While I was in the airport, returning home, I heard several people behind me beginning to clap and cheer. 

I immediately turned around and witnessed one of the greatest acts of patriotism I have ever seen. 

Moving through the terminal was a group of soldiers in their uniforms, as they began heading to their gate everyone (well almost everyone) was abruptly to their feet with their hands waving and cheering. 

When I saw the soldiers, probably 30-40 of them, being applauded and cheered for, it hit me. I'm not alone. I'm not the only red blooded Briton who still loves this country and supports our troops and their families. Of course I immediately stopped and began clapping for these young unsung heroes who are putting their lives on the line everyday for us so we can go to school, work, and enjoy our home without fear or reprisal. 

Just when I thought I could not be more proud of my country or of our servicemen and women,a young girl, not more than 6 or 7 years old, ran up to one of the male soldiers. 

He knelt down and said 'hi,' the little girl then asked him if he would give something to her daddy for her. 

The young soldier didn't look any older than maybe 22 himself, said he would try and what did she want to give to her daddy. 

Suddenly the little girl grabbed the neck of this soldier, gave him the biggest hug she could muster and then kissed him on the cheek. 

The mother of the little girl, who said her daughter's name was Courtney, told the young soldier that her husband was a Corporal and had been in Afghanistan for 5 months now. 

As the mum was explaining how much her daughter, Courtney, missed her father, the young soldier began to tear up. 

When this temporarily single mum was done explaining her situation, all of the soldiers huddled together for a brief second. 

Then one of the other servicemen pulled out a military looking walkie-talkie. 

They started playing with the device and talking back and forth on it. 

After about 10-15 seconds of this, the young soldier walked back over to Courtney, bent down and said this to her, 'I spoke to your daddy and he told me to give this to you.' 

He then hugged this little girl that he had just met and gave her a kiss on the cheek. 

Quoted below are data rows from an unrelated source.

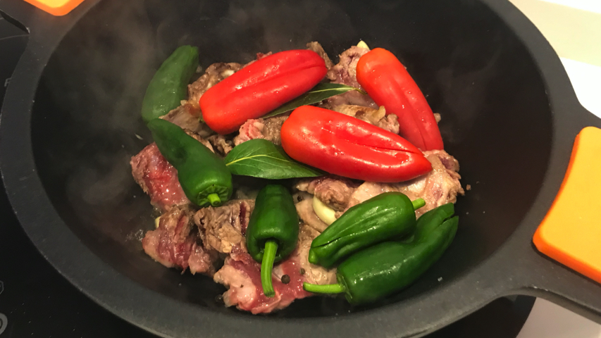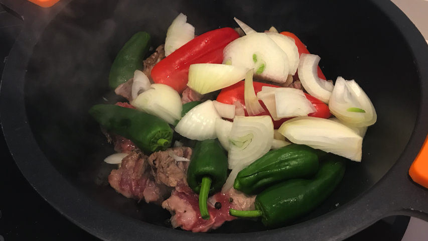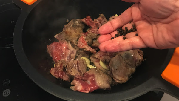 Añade los ajos, los granos de pimienta, el laurel, los pimientos y la cebolla.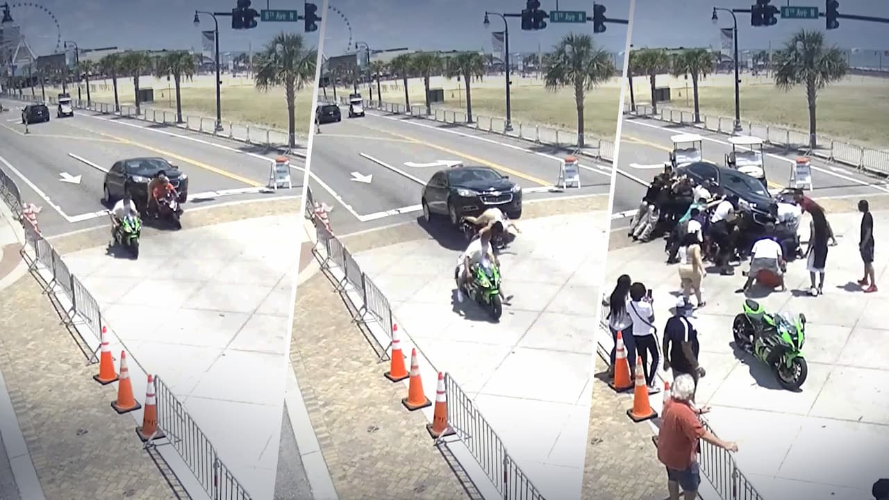 El incidente ocurrido entre una motocicleta con dos pasajeros y un automóvil quedó grabado en video por una cámara de seguridad en Ocean Boulevard.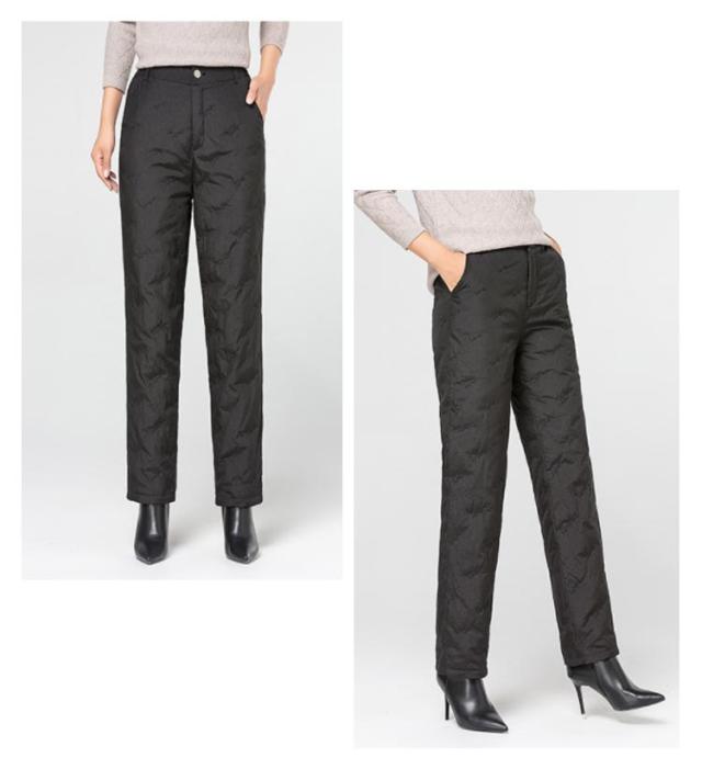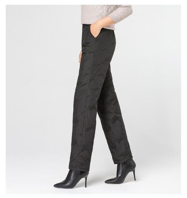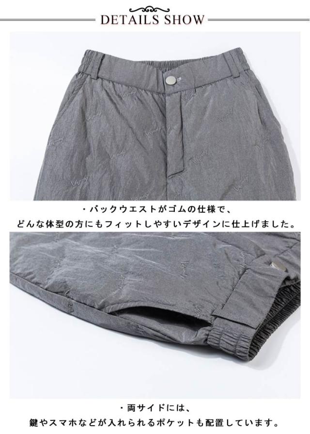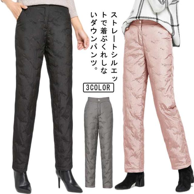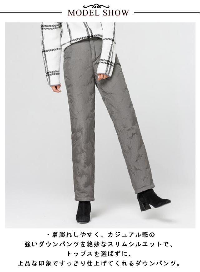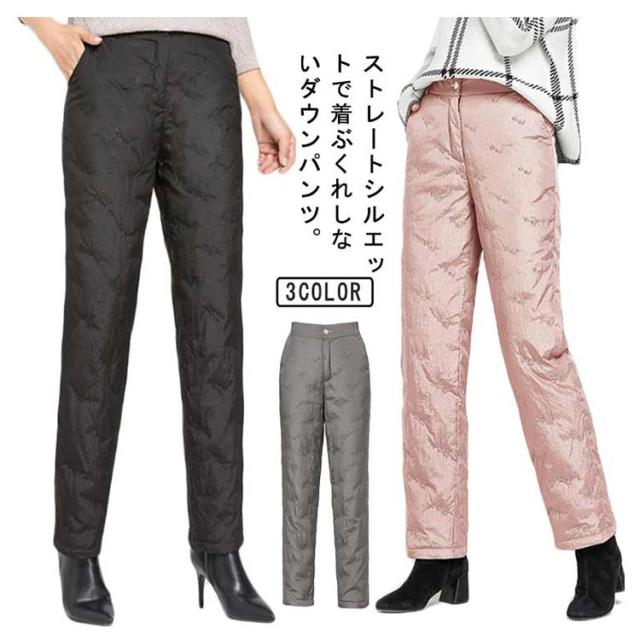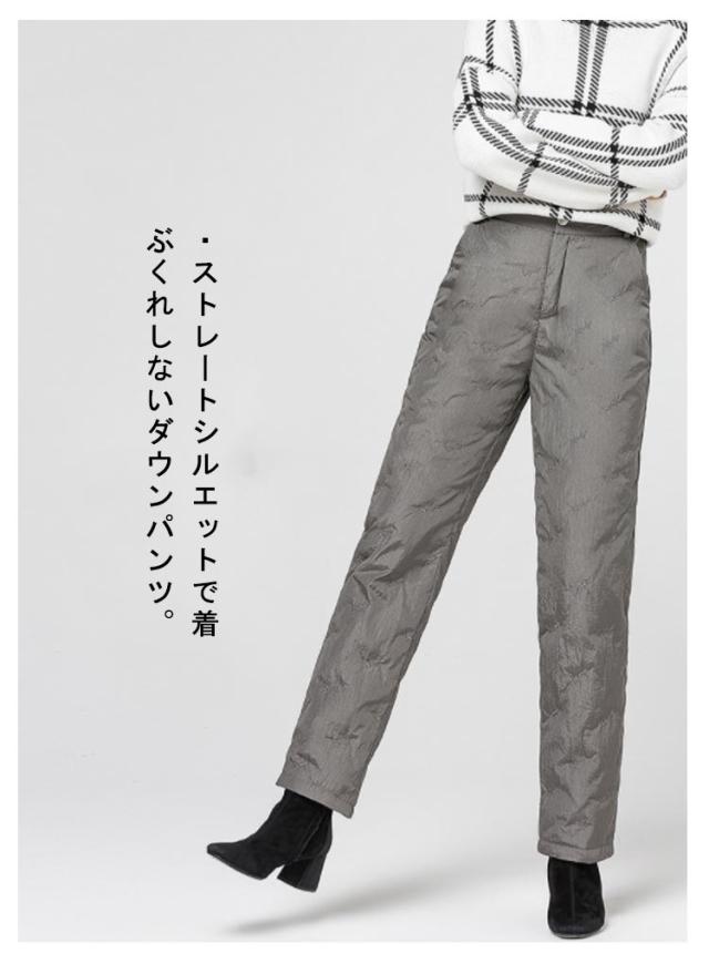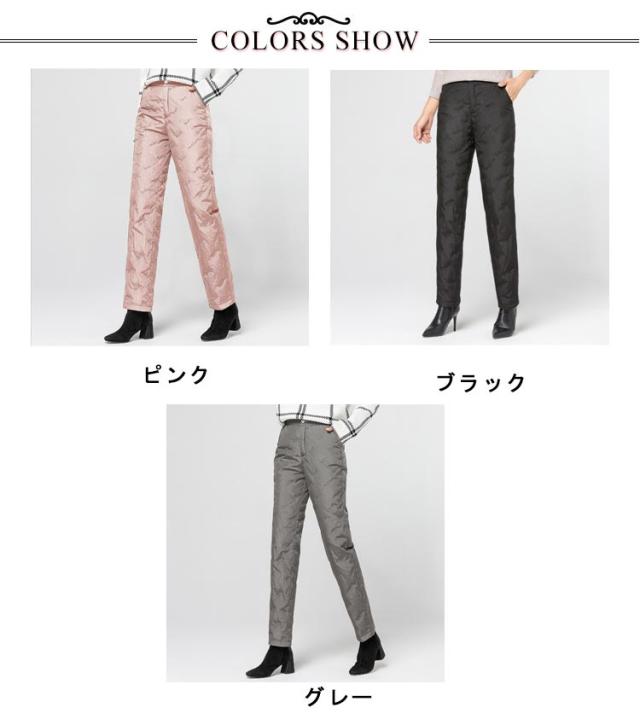 ダウンパンツ レディース ダウン 暖かい 防寒 防風 防水 ハイウェスト ウェストゴム ウォッシャブル 刺しゅう ポケット付き フルレングス 丈 厚手 美脚 通勤 上品 上質 エレガント ミセス 30代 40代 50代 60代 70代 シニア 母の日 冬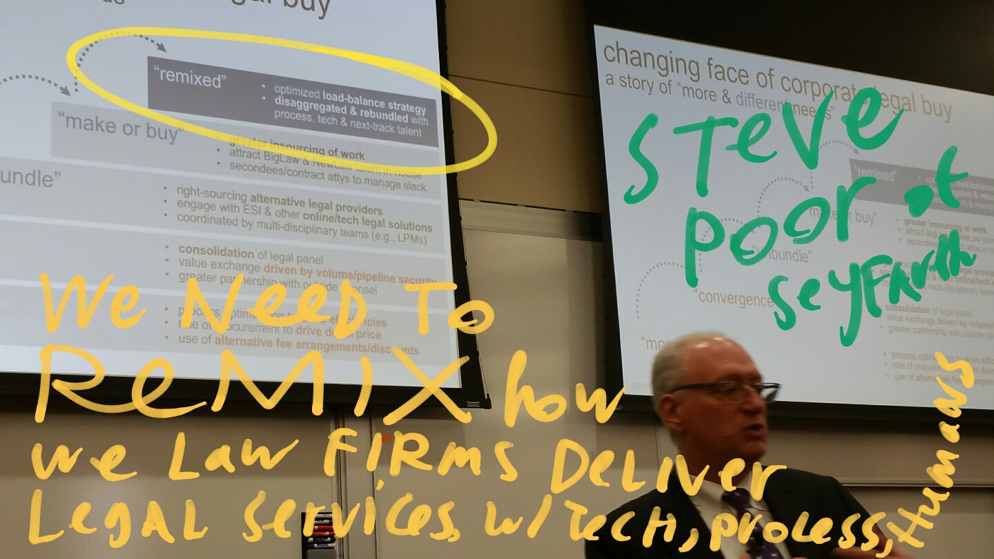 Law firms need to be focused on Legal services as PROCESSES we can redesign, remix – these coreographies of service delivery. We can play with these new processes to change the tech, the staffing, the communications, etc.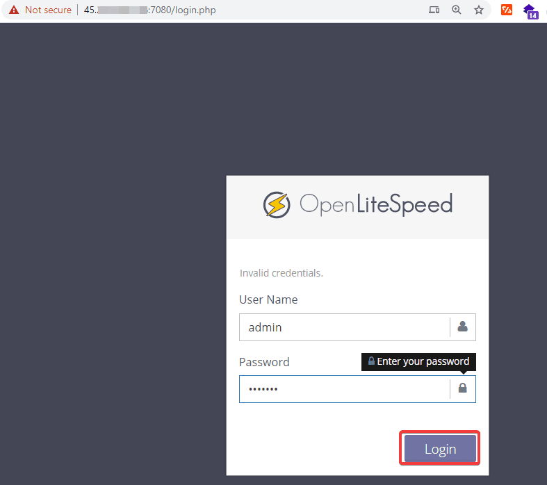 Sau khi cài đặt thành công, đường dẫn truy cập Web admin OpenLiteSpeed măc định sẽ là: https://IPVPS:7080/

He finished by saying 'Your daddy told me to tell you that he loves you more than anything and he is coming home very soon.' 

The mum at this point was crying almost uncontrollably and as the young soldier stood to his feet he saluted Courtney and her mum. 

I was standing no more than 6 feet away as this entire event unfolded. 

As the soldiers began to leave, heading towards their gate, people resumed their applause. 

As I stood there applauding and looked around, there were very few dry eyes, including my own. 

That young soldier in one last act of moment turned around and blew a kiss to Courtney with a tear rolling down his cheek. 

We need to remember everyday all of our soldiers and their families and thank God for them and their sacrifices. 

At the end of the day, it's good to be British. 

RED FRIDAYS 

Very soon, you will see a great many people wearing Red every Friday. 

The reason? 

British men and women who support our troops used to be called the 'silent majority'. 

We are no longer silent, and are voicing our love for Country and home in record-breaking numbers. 

We are not organized, boisterous or over-bearing. 

We get no liberal media coverage on TV, to reflect our message or our opinions. 

Many English people, like you, me and all our friends, simply want to recognize that the vast majority of Britain supports our troops. 

Our idea of showing solidarity and support for our troops with dignity and respect starts this Friday and continues each and every Friday until the troops all come home, sending a deafening message that every Briton who supports our men and women afar will wear something red. 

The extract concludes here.